4 Off-the-Radar Analyst Picks Yielding More Than 4%

It’s getting harder and harder for investors seeking income, and with interest rates going nowhere substantially until 2018 by some accounts, things are not going to get any easier. Most investors are looking for yields that are at least 4% and have some degree of safety as well. While there are always higher yielding stocks, typically the higher the yield, the higher the risk, and with a pricey market, adding risk at these levels is dicey.

We decided to screen the Merrill Lynch research database for stocks with at least a 4.5% yield, that weren’t horribly overbought and crowded, like the utilities and some real estate investment trusts, that were rated Buy at the firm. Four that may not be on growth and income investors radars came up and looked solid.


This is the largest of the rural local exchange carriers and is expected to continue get a large dose of government money to provide continuing internet service in rural areas.
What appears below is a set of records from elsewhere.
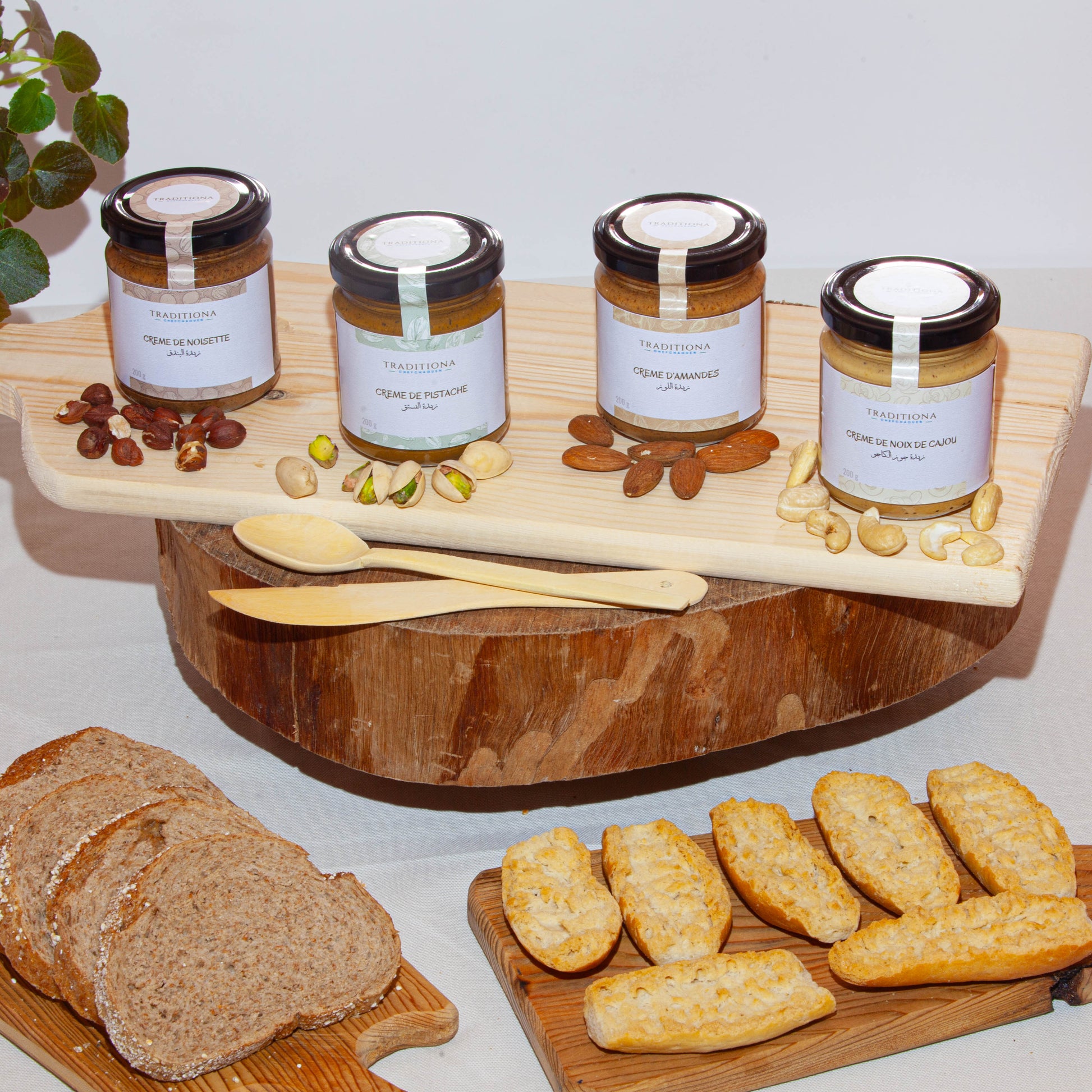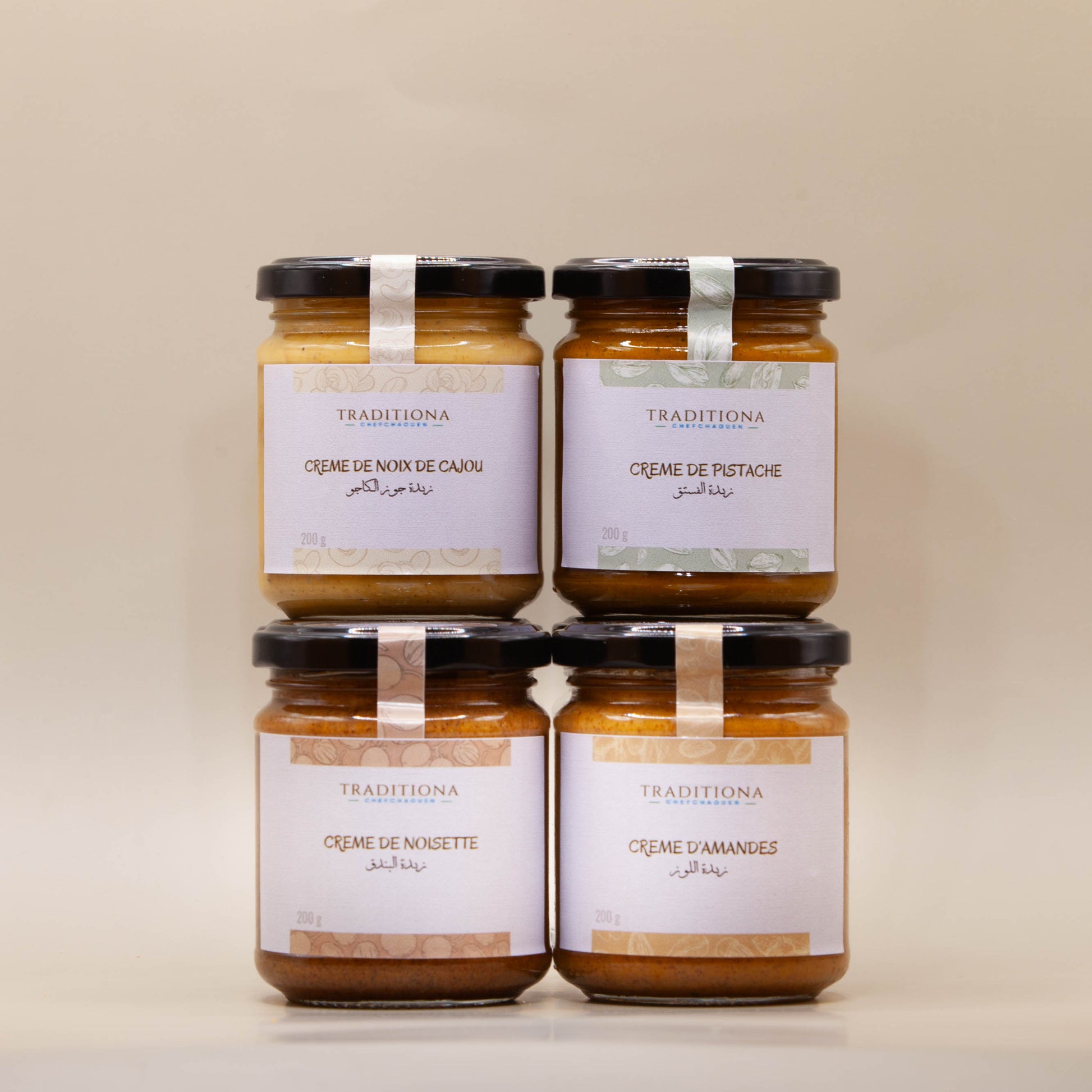 Découvrez notre pack Authentique préparé avec soin à Chefchaouen, comprenant 4 crèmes 100% naturelles : crème d’amandes, crème de noix de cajou, crème de noisette, et crème de pistache. Ces crèmes sont sans sel, sans sucre ajouté, et sans huile, offrant une pureté inégalée sans aucun additif. Fabriquées artisanalement dans la région de Chefchaouen, ces crèmes reflètent le savoir-faire local et garantissent une qualité exceptionnelle. Profitez d'une expérience gourmande, saine et authentique, tout en soutenant les producteurs de cette région.
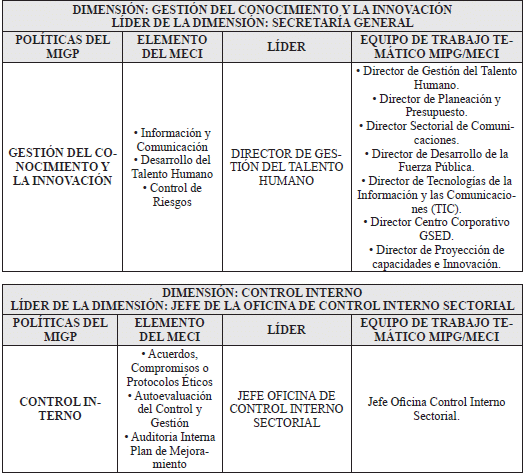 | GESTIÓN ESTRATÉGICA DEL TALENTO HUMANO | - Acuerdos, Compromisos o Protocolos éticos - Desarrollo del Talento Humano - Estructura Organizacional - Control de Riesgos | DIRECTOR GESTIÓN DEL TALENTO HUMANO | - Director de Gestión del Talento Humano. - Director de Desarrollo de la Fuerza Pública. - Director Sectorial de Bienestar y Salud. - Obispo Castrense de Colombia. |
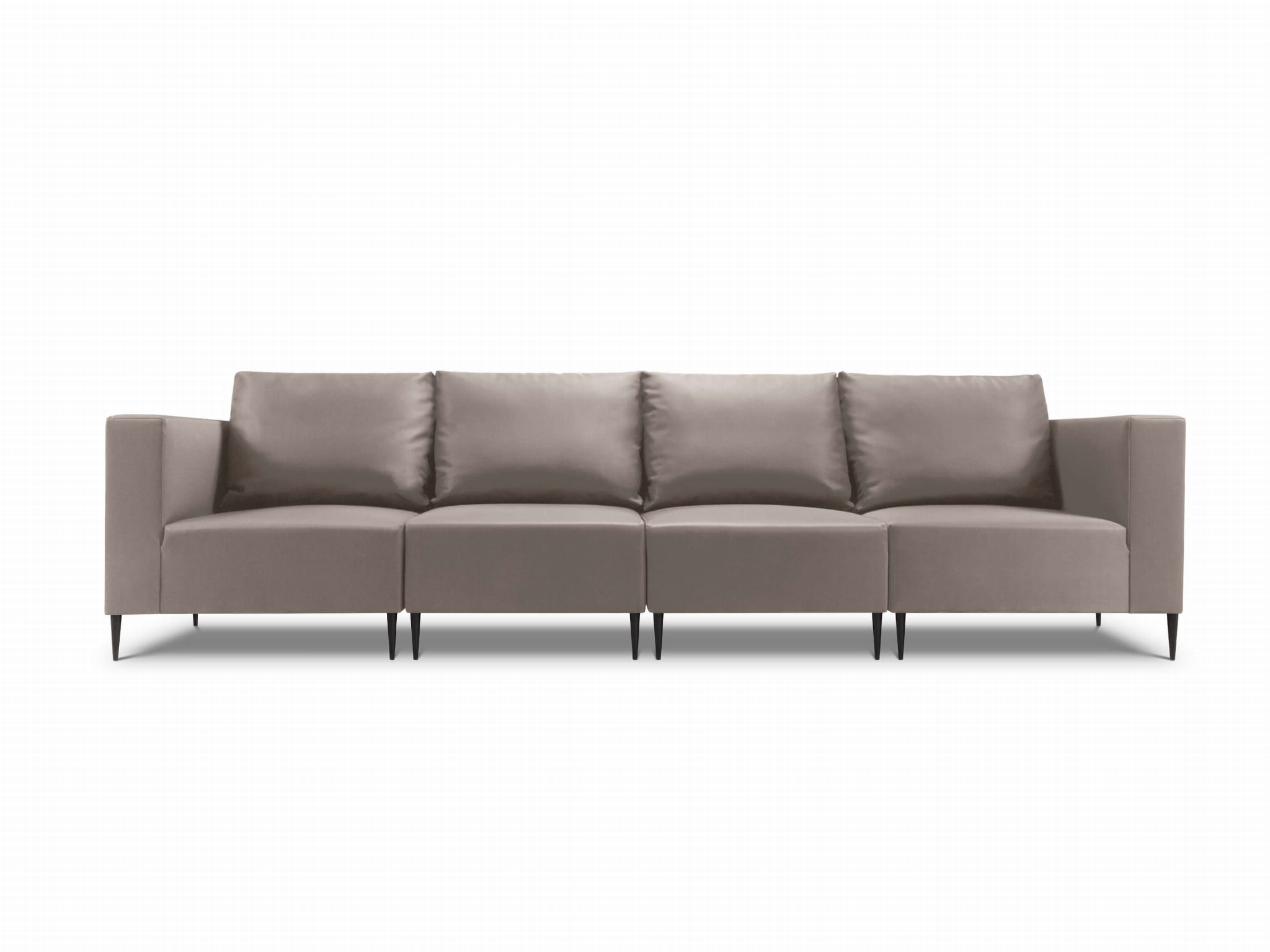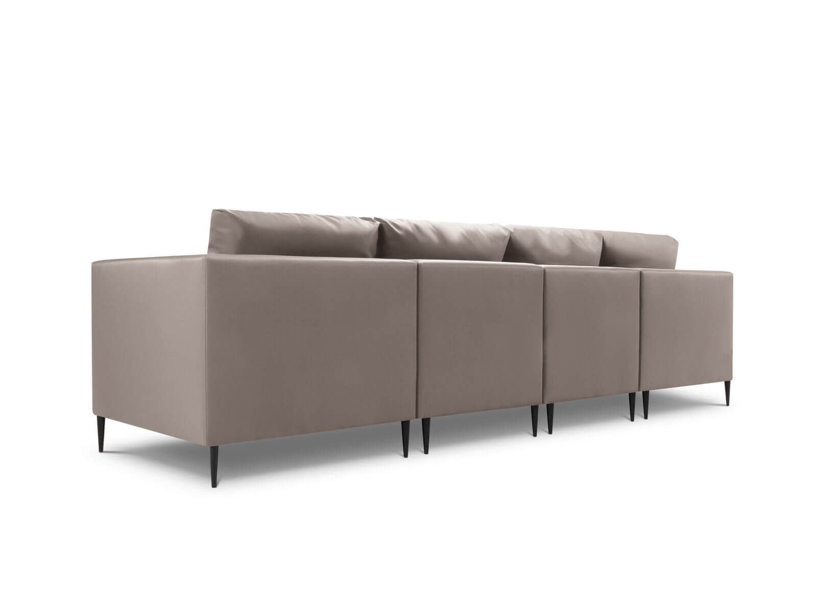 4-osobowa, beżowa sofa do ogrodu ustawiona jest na czarnych, stabilnych nóżkach z metalu.
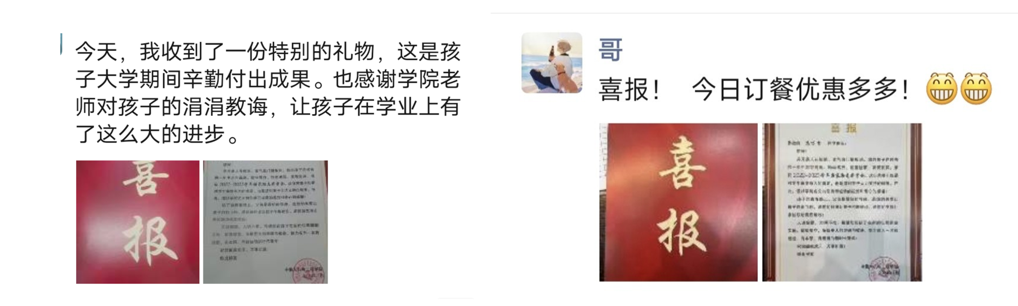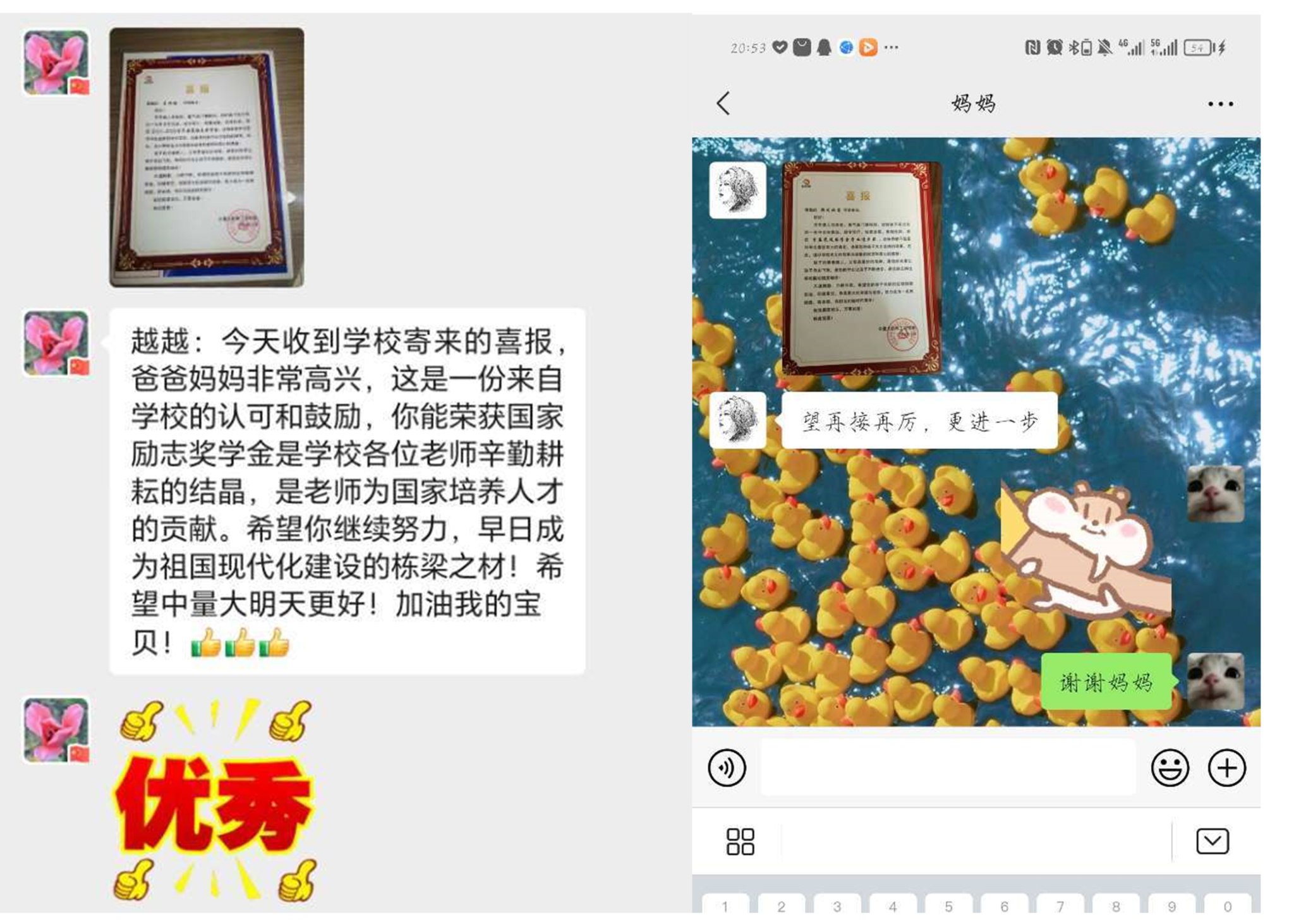 大学以后由于不在父母身边,缺乏与他们的沟通交流,通过这次发送喜报的活动,向他们展示并证明我有在大学好好努力,这加强了家庭亲密度,也激励着我更加努力学习,希望这个活动可以一直办下去。
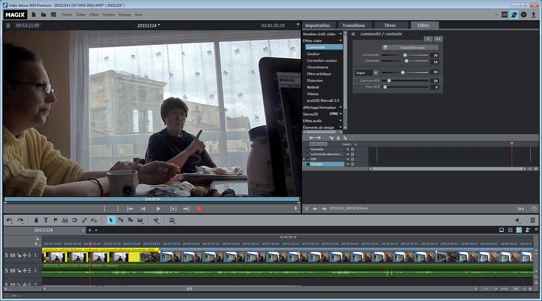 So, I installed DaVinci Resolve, and I've been playing around yet again... that thing is impressive : even if the free version lacks some components, it seems already extremely capable as it is. But the interface isn't particularly intuitive, and feels kinda buggy (sometimes the video preview stops being updated for no reason, or it's the histogram, or the timecode gets scrambled, stuff like that).You can get more advanced with secondary color correction , masks , power windows/tracking in resolve - it depends how far you want to go and spend time learning. Resolve has a free version now, but it's very powerful for color work. It's the gold standard in hollywood for many years. But it can be a challenge and time consuming matching scenes for consistency and balance especially when lighting and sets are not controlled such as in the majority of home video. Professional colorists absolutely hate home video - because the source footage is so difficult to adjust compared to what they are used to (compared to camera raw footage, high bit depths, professionally shot and lit, or CG) . With raw footage, you have 10x more amount of freedom and control, you're not limited by crappy compression , or noise or bad lighting
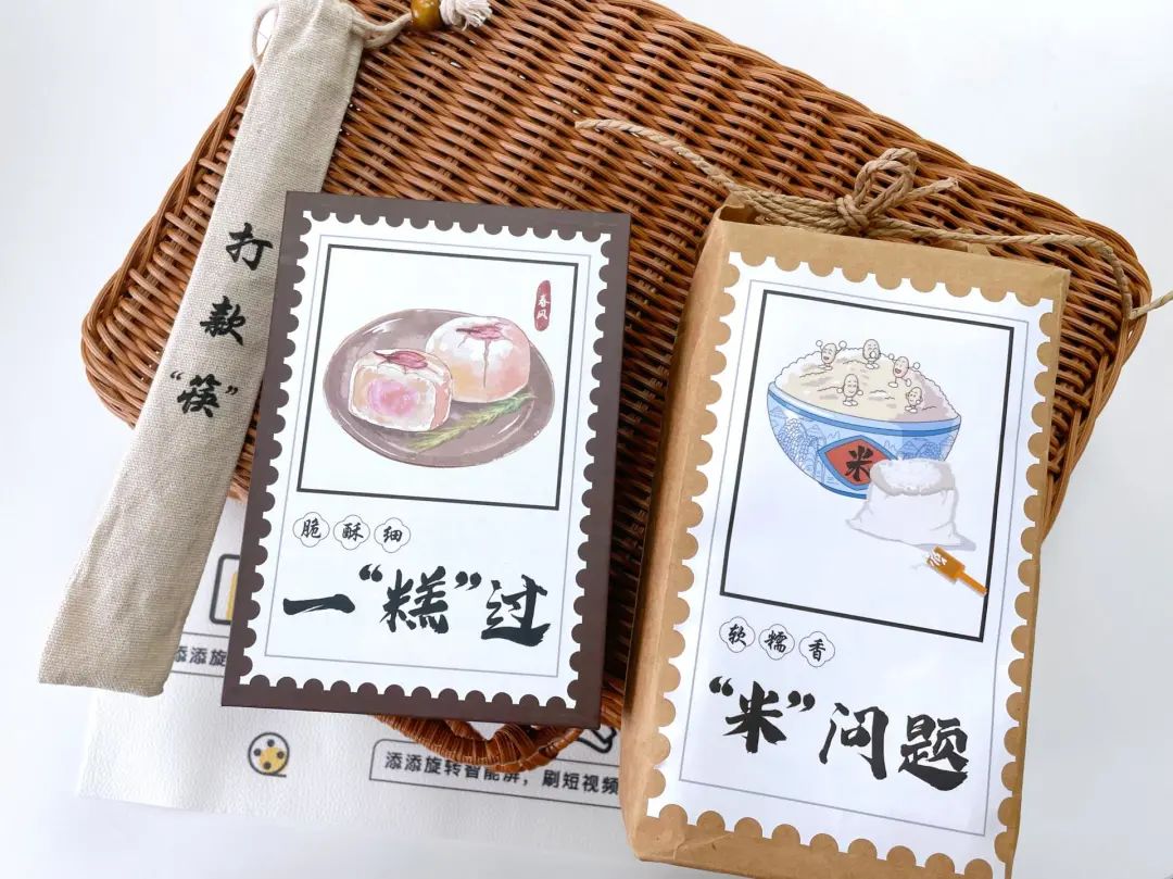 礼盒内含“米问题”、“一糕过”、“打款筷”等定制谐音梗选品,让大家好好吃饭的同时,也送出了最诚挚的祝福!
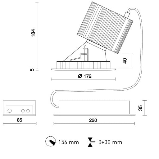 Installazione: Incasso a Soffitto, foro incasso: Foro incasso diam.156 mm. Spessore controsoffitto 1-30 mm, fissaggio: Con staffe regolabili in dotazione, corpo / struttura: Anello in pressofusione di alluminio, verniciatura: Verniciatura per interni in polveri epossidiche colore: Bianco, riflettore ottica: Riflettore in policarbonato lucidato, vetro / schermo: Vetro temprato chiaro, pressacavo: Fermacavo in nylon 66, alimentatore: alimentatore remoto per diodi LED, uscita stabilizzata 700mA dc, tensione: 220-240V 50/60Hz, fascio luminoso: Asimmetrico, classe isolamento: Classe 1. Power LED 25w 3190lm 3000k CRI 80.

CenturyLink Inc. (NYSE: CTL) is a global communications, hosting, cloud and IT services company enabling millions of customers to transform their businesses through innovative technology solutions.

CenturyLink offers network and data systems management, Big Data analytics and IT consulting, and it operates more than 55 data centers in North America, Europe and Asia. The company provides broadband, voice, video, data and managed services over a robust 250,000-route-mile U.S. fiber network and a 300,000-route-mile international transport network.

Top Wall Street analysts have liked like the stock over the past year as the company transforms itself from a telecom to a technology company. While some have worried over CenturyLink maintaining the dividend, most are positive on the comparisons for the second half of the year and sequential revenue stability. An update on the data center sale progress and the potential for stocks buybacks are additional positives.

CenturyLink investors receive a gigantic 7.56% dividend. The Merrill Lynch price target for the stock is $42, and the Wall Street consensus target is $29.23. The stock closed trading on Tuesday at $28.57.


This top global pharmaceutical could offer outstanding total return for investors as solid portfolio holding. GlaxoSmithKline PLC (NYSE: GSK) offers pharmaceutical products in the therapeutic areas, including respiratory, anti-virals, central nervous system, cardiovascular and urogenital, metabolic, anti-bacterials, and emesis, dermatology, rare diseases, immuno-inflammation, vaccines, and HIV. It also provides consumer healthcare products in wellness, oral health, nutrition, and skin health areas.

Last year the company announced that the dividend would stay at its current level through 2017, a solid pledge for those seeking security. Also, the FDA approved the company’s Nucala add-on product for severe asthma with a very broad label. In addition, its ViiV Healthcare unit also reported promising data for its HIV treatments. GlaxoSmithKline plans to submit up to 20 new regulatory filings within the next five years, which confirms a very strong pipeline.

GlaxoSmithKline investors are paid a 5.04% dividend. Merrill Lynch has a $50 price target for the stock. The consensus price objective is posted at $48.67. The shares closed Tuesday at $43.36.